WHAT YOU HAVE TO DO
Keep only the lines of the material below that contain the word "With". Copy those lines.

INPUT DATA
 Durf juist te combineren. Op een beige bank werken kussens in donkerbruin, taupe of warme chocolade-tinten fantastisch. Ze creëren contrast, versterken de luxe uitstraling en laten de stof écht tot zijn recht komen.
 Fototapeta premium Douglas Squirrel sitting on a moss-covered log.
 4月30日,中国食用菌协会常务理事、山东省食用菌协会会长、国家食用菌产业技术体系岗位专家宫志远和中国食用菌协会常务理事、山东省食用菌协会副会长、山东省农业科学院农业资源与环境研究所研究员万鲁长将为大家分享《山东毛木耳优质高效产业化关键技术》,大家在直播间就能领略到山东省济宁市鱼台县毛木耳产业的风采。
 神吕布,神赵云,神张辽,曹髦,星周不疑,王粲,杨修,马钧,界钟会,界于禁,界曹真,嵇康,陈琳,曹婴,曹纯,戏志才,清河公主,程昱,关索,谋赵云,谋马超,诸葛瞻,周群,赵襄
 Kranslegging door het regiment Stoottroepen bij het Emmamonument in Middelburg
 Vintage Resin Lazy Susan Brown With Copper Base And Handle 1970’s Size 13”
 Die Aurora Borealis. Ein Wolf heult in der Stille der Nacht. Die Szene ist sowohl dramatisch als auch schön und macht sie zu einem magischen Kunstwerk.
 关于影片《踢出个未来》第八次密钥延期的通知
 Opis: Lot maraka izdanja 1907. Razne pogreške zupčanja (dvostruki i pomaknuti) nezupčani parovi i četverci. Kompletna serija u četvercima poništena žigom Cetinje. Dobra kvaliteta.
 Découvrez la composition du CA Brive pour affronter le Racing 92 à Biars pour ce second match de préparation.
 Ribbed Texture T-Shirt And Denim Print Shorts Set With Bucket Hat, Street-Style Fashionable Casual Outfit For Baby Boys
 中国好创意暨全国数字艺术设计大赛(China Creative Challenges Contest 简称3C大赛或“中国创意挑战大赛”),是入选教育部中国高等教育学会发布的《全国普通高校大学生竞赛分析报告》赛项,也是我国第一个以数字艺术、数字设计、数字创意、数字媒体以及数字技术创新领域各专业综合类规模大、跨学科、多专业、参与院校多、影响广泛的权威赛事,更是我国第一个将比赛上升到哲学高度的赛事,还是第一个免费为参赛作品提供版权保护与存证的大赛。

TASK RESULT
 Vintage Resin Lazy Susan Brown With Copper Base And Handle 1970’s Size 13”
 Ribbed Texture T-Shirt And Denim Print Shorts Set With Bucket Hat, Street-Style Fashionable Casual Outfit For Baby Boys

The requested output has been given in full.